If you already screwed up your resolutions, try these unresolutions

We’re a few weeks into the new year and many of us have already effed up our resolutions or forgotten them. It’s time to try these unresolutions!



gen z generation z millennials

We all have resolutions; what about unresolutions

Ah, the New Year. A fresh start, a time to do the things you’ve been meaning to do for the last year…or three. It’s popular to make a list of the things you hope to achieve, new endeavors, hopes…dreams. It’s wonderful to look to the future, have aspirations, and make goals to achieve things yet to be had, as mostly likely, that’s what lead you to business ownership and entrepreneurship to begin with.

But, just as important as goal setting is, bad habit prevention and un-doing is integral for success. So without further ado, here’s your list of 2016 unresolutions.

1. Stop overcommitting. Seriously.

It’s easy to say yes to every good opportunity that comes your way, especially if you’re motivated and/or broke.
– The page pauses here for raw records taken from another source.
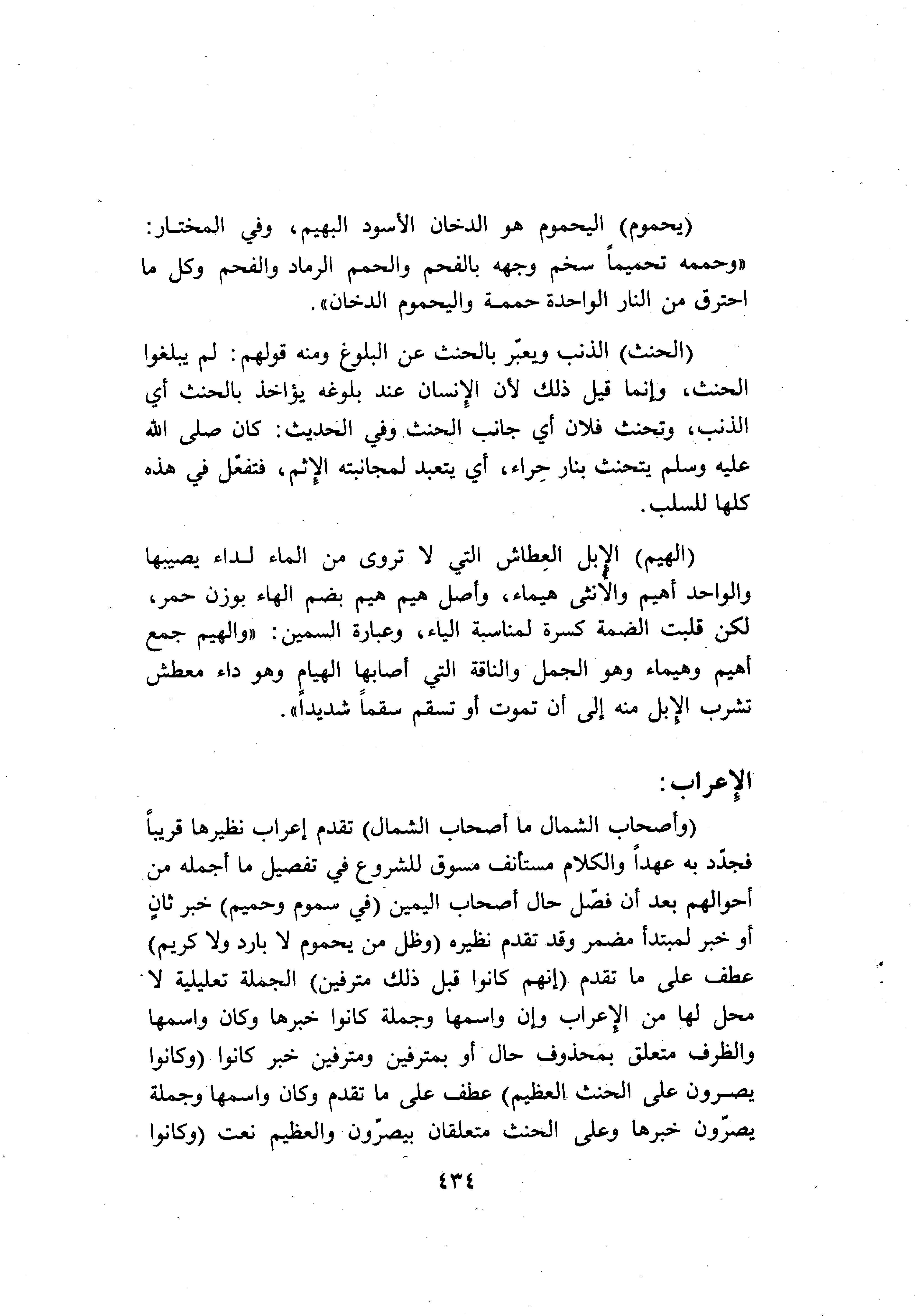 (الْحِنْثِ) الذنب ويعبّر بالحنث عن البلوغ ومنه قولهم: لم يبلغوا الحنث، وإنما قيل ذلك لأن الإنسان عند بلوغه يؤاخذ بالحنث أي الذنب، وتحنث فلان أي جانب الحنث وفي الحديث: كان صلى الله عليه وسلم يتحنث بنار حراء، أي يتعبد لمجانبته الإثم، فتفعّل في هذه كلها للسلب.
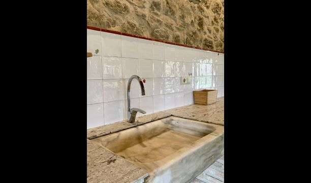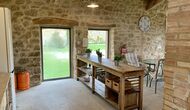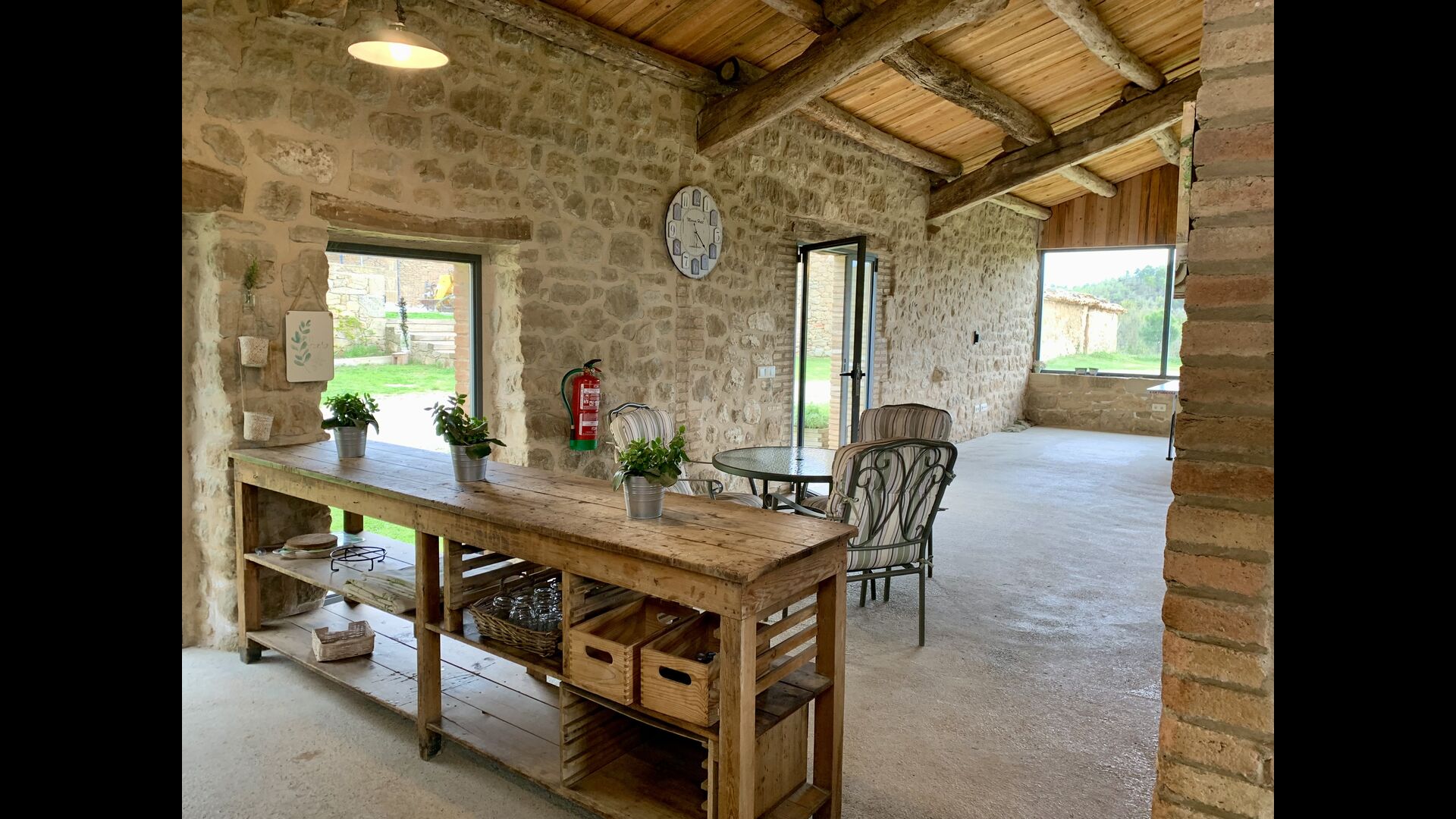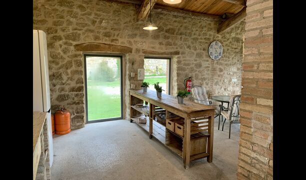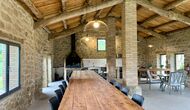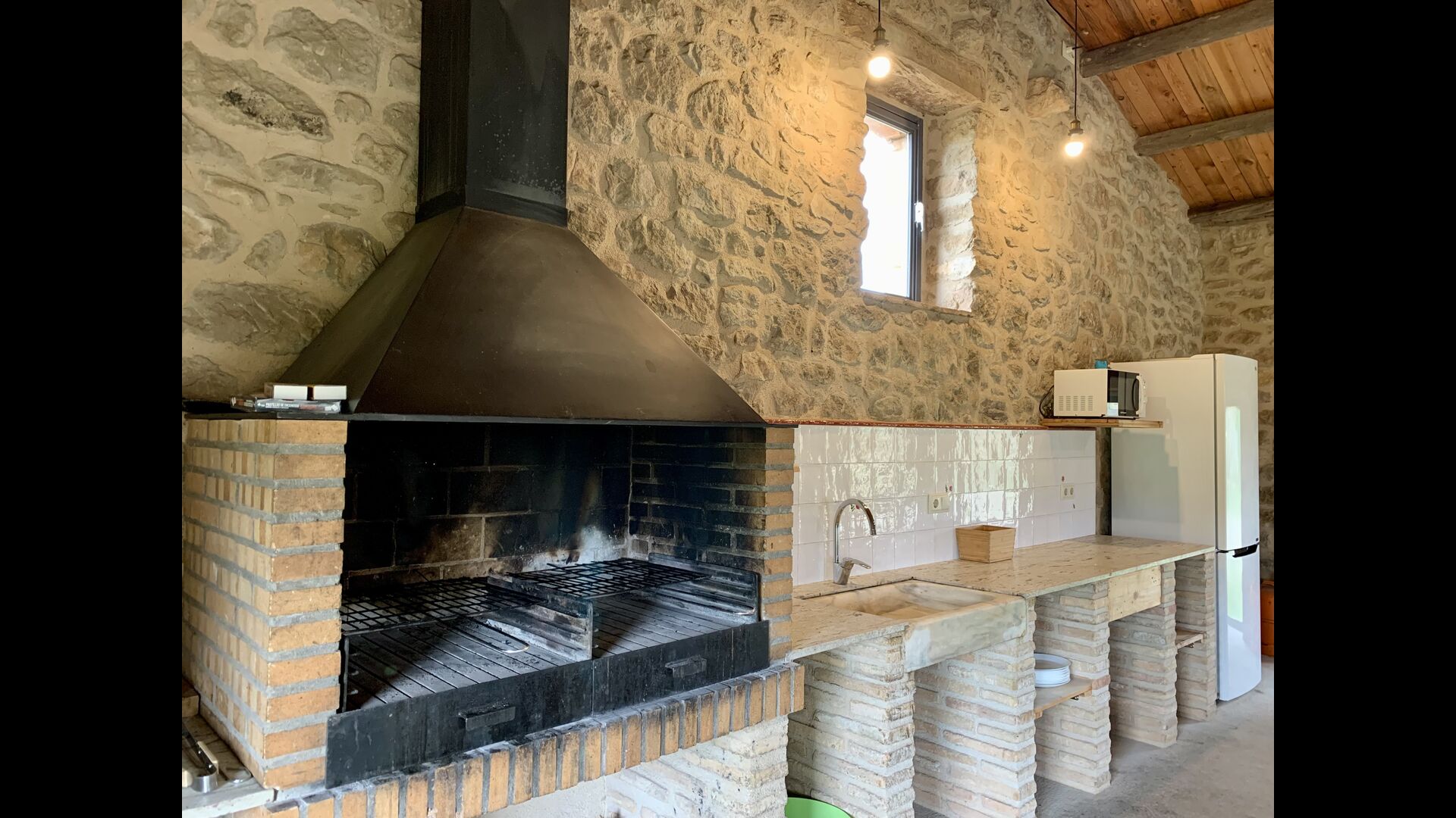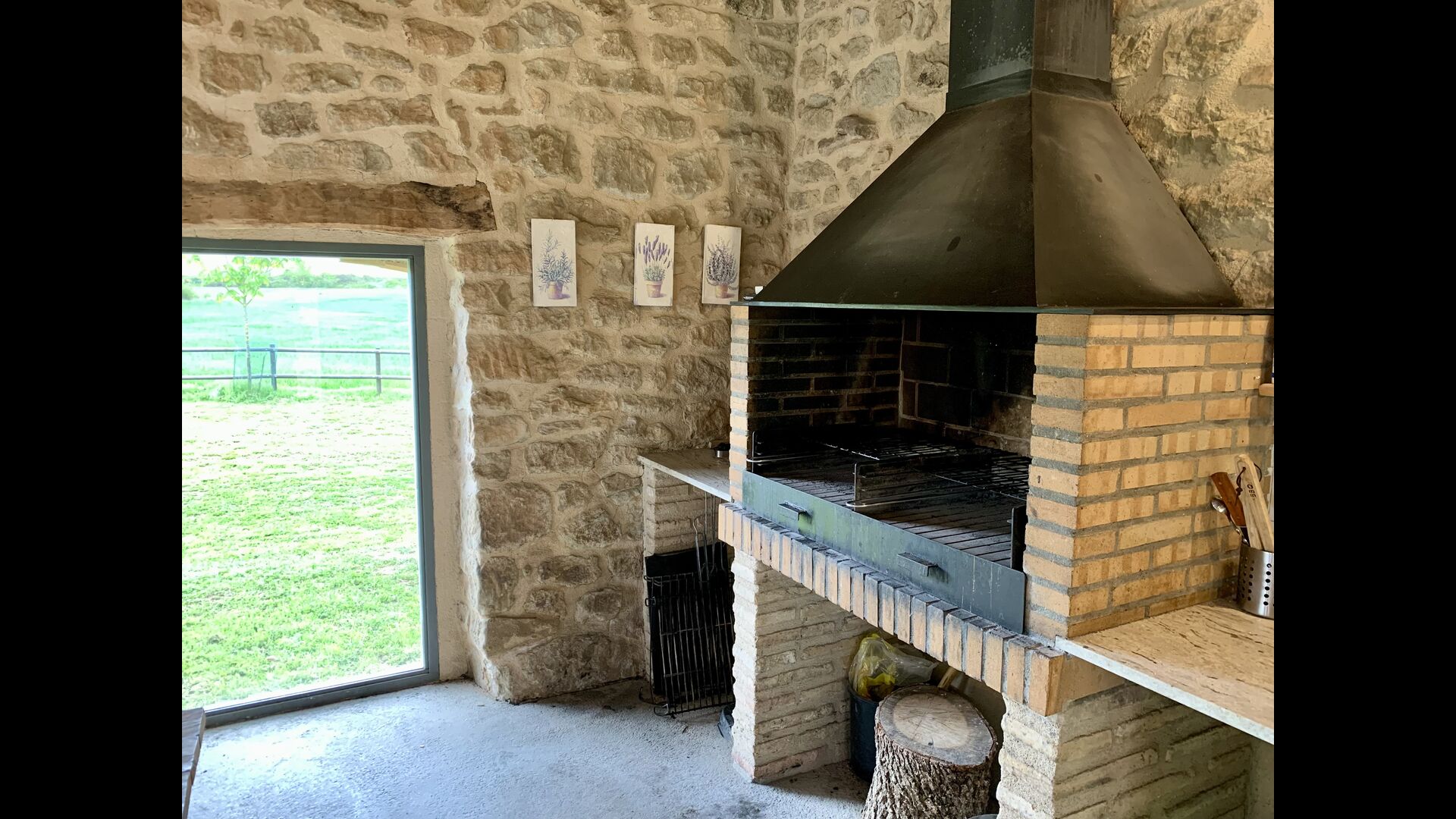 Le plus petit bâtiment séparé en calcaire est situé à côté de la piscine. À l'intérieur, vous trouverez une grande table de ping-pong, une longue table à manger en bois et un espace barbecue avec des équipements de cuisine simples. L'emplacement est superbe, car il est facile de s'y rendre depuis la piscine. Nous imaginons que les enfants du groupe s'amuseront à courir entre la salle de jeux et la piscine.
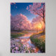 Behold a tranquil river, adorned with sakura trees along its peaceful banks. As the sun gracefully descends, its warm hues bathe the landscape in a captivating glow. The sakura trees, in full bloom, create a breathtaking tapestry of delicate pink petals, infusing the scene with ethereal beauty. Immerse yourself in this digital artwork, where the harmonious union of nature's grace and the allure of a sunset create a serene symphony for the soul.
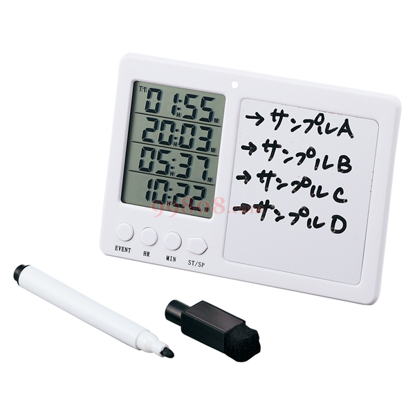 ●4个独立的定时器。●尺寸:123×86×24mm●功能:计时/倒计时?时钟功能?闹铃●Γ小设定时间:时/分模式/1分~23小时59分、分/秒模式/1分~59分●电源:4号干电池×2节(附带测试用)●带磁铁●附属品:标记笔
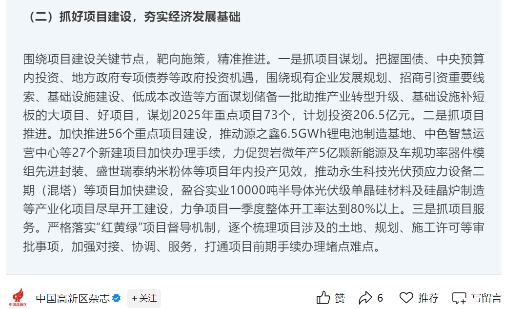 盈谷实业10000吨半导体光伏级单晶硅材料及硅晶炉制造等产业化项目尽早开工建设,力争项目一季度整体开工率达到80%以上。
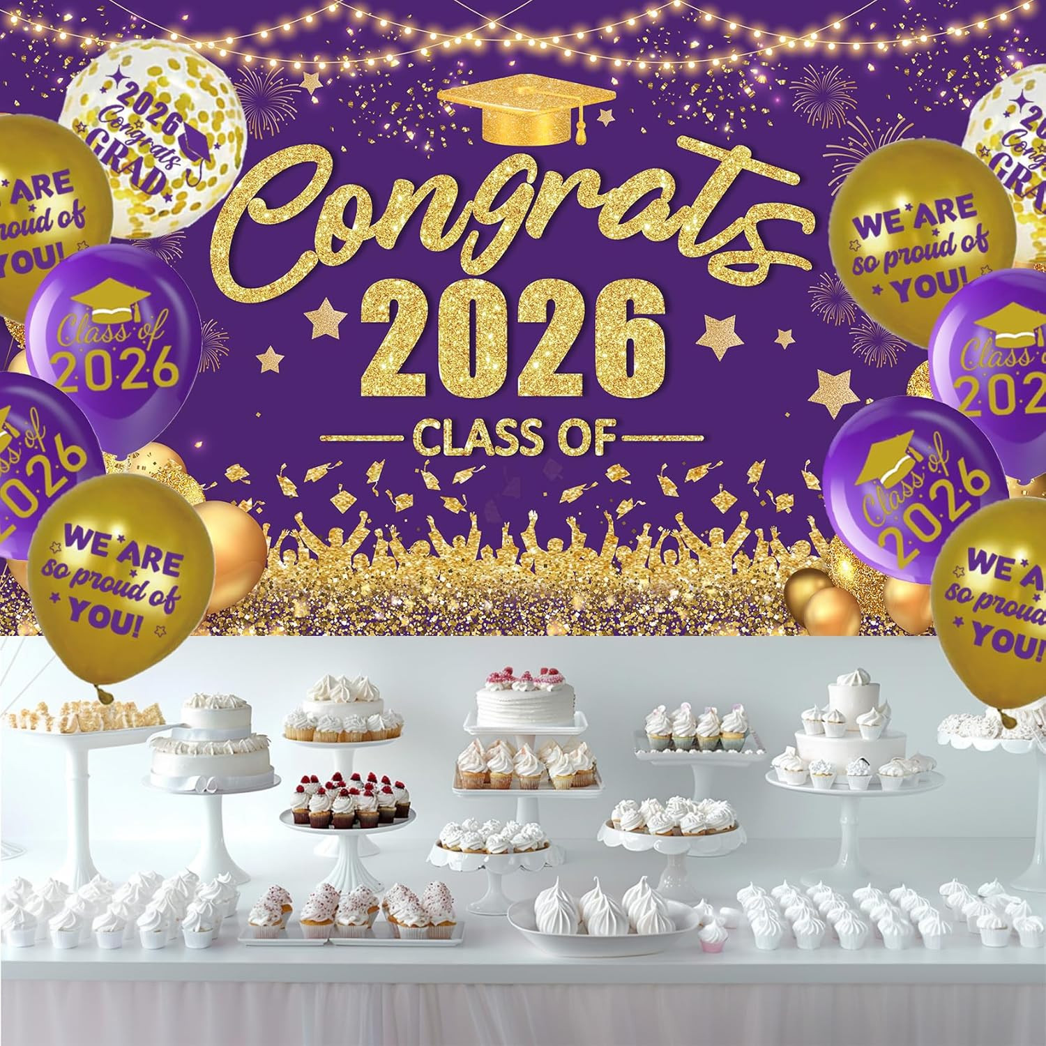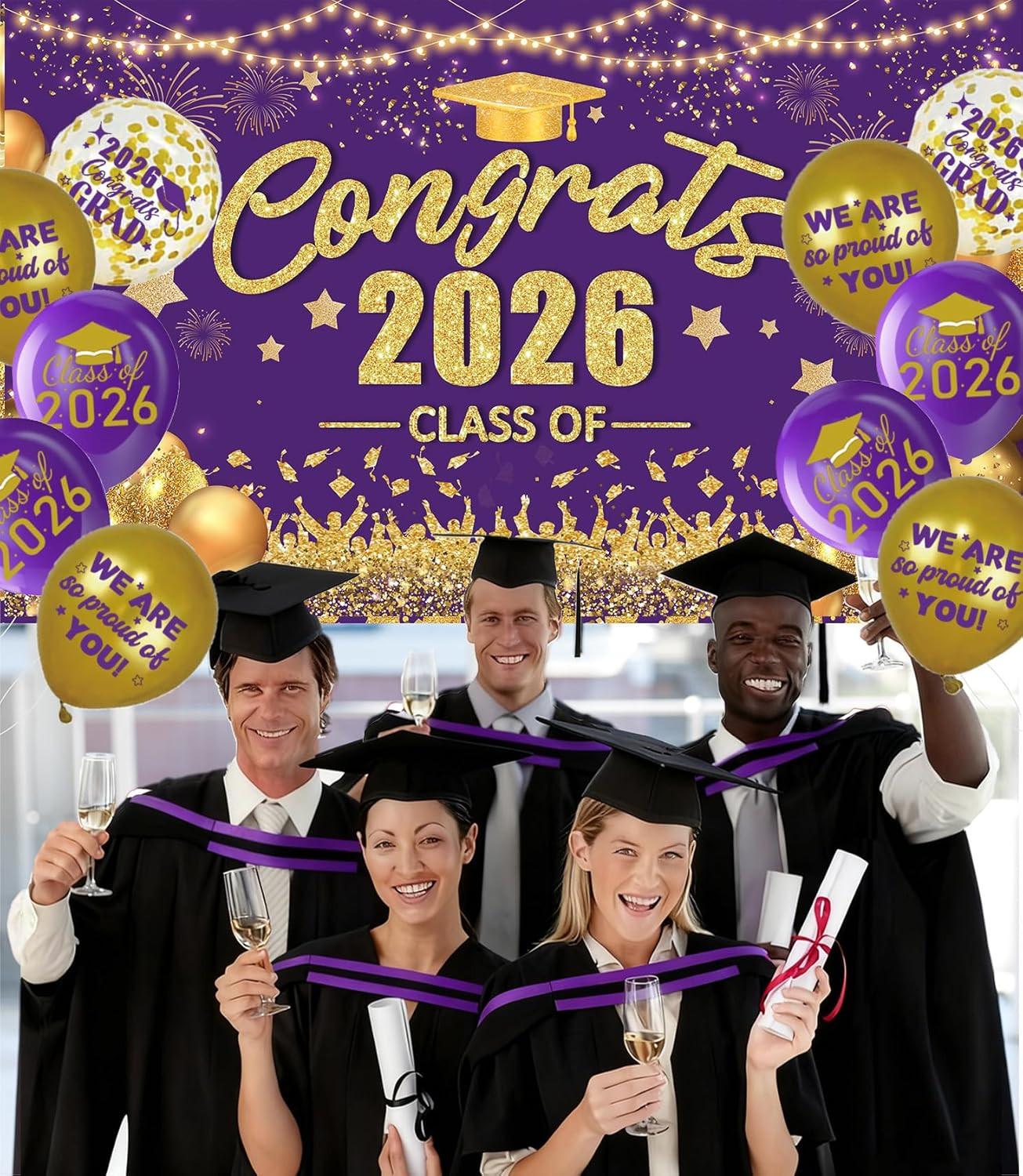Purple and Gold Graduation Decorations Class of 2026 Banner with 18 Pcs Grad Bal
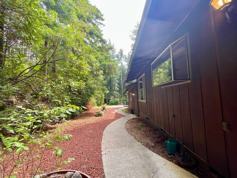 Welcome to a truly idyllic Northern California property. Walk down a manicured, park-like path to the primary entrance of this lovely home. On the main floor, enjoy a large kitchen with a garden window, beautiful wood cabinets, tiled countertops, and updated, high-quality appliances. The home features large skylights, solar tubes, and wood trim throughout. Off the kitchen, the sizable dining area flows seamlessly through an arched transition into the spacious living room, which boasts beautiful wood paneling, a stone fireplace, and built-in shelving. The large 2-car garage, which houses the washer and dryer, is also accessible from the dining area.
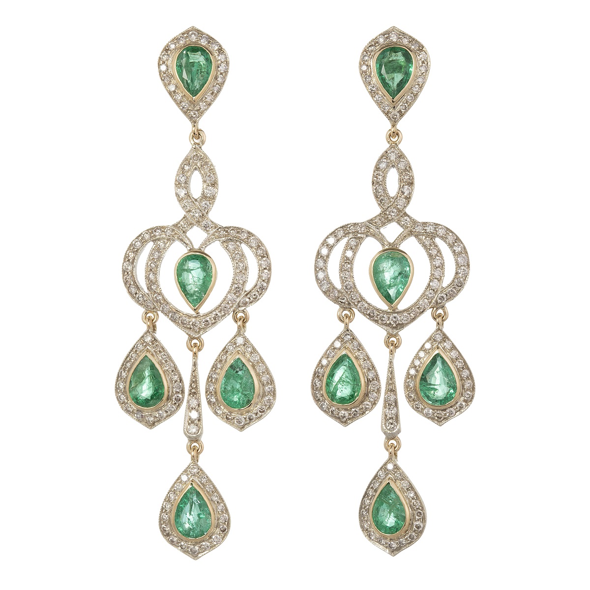 Brinco de ouro amarelo 14k com prata, esmeraldas, 2,40ct de brilhantes e 16,8g. Medida 7,3cm.
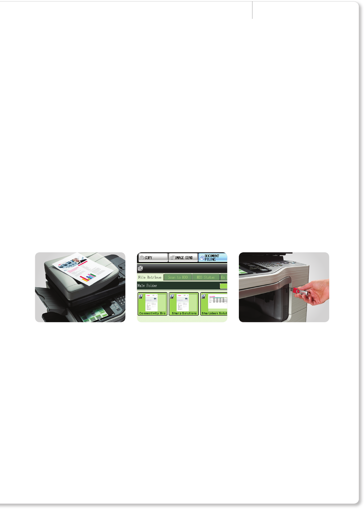 Fast copy/print speeds of 38 ppm/cpm Thumbnail views for easier operation USB port for walk-up printing from a
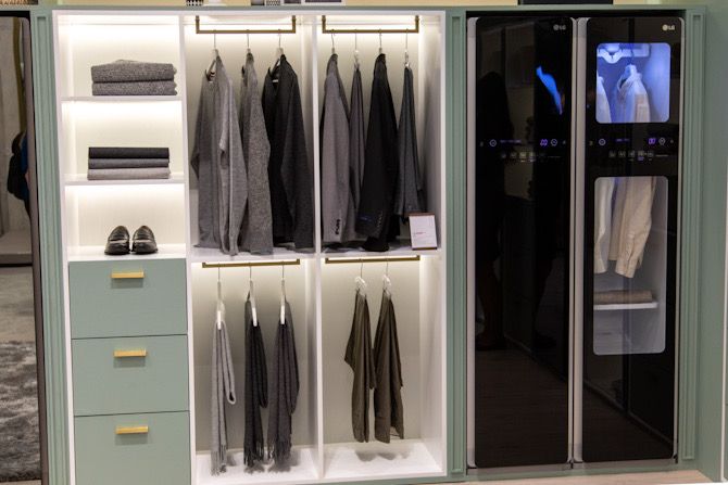 LG的最终AI概念是互联智能衣柜,衣服洗衣机和个人时尚顾问。通过使用摄像头,您的衣柜可以检查衣服的样式和材料。然后,它可以针对该件衣服定制其护理和洗涤路线。它会记住过去使用的衣服和设置,并与您一起使用反馈循环以确保您对工作感到满意。

Instead of saying yes to everything, carefully weigh your options and priorities, and try to invest your time in the opportunities that make the most business sense. Spending time dedicated, and focused on an important project can result in repeat business or future partnerships that a less intentional project wouldn’t.

2. Stop forgetting your commitments

For Pete’s sake, if you say yes to something then follow through. No one likes a flake, so make sure you show up to the events, submit the projects, and meet the deadlines you commit to. Need help organizing your time? Start religiously using your calendar to schedule personal and professional obligations so you won’t forget to what you’ve committed.

3. Stop worrying about what other people are doing

It’s a good idea to have a pulse on the market and your competition but it’s counterproductive to constantly worry about everyone else’s next move. Examine your goals, short and long term and do some R&D, but stop obsessing about your competition’s every move. They’ll have some good ideas, and if you’re focusing on your audience, you will too. Don’t let their success be your downfall.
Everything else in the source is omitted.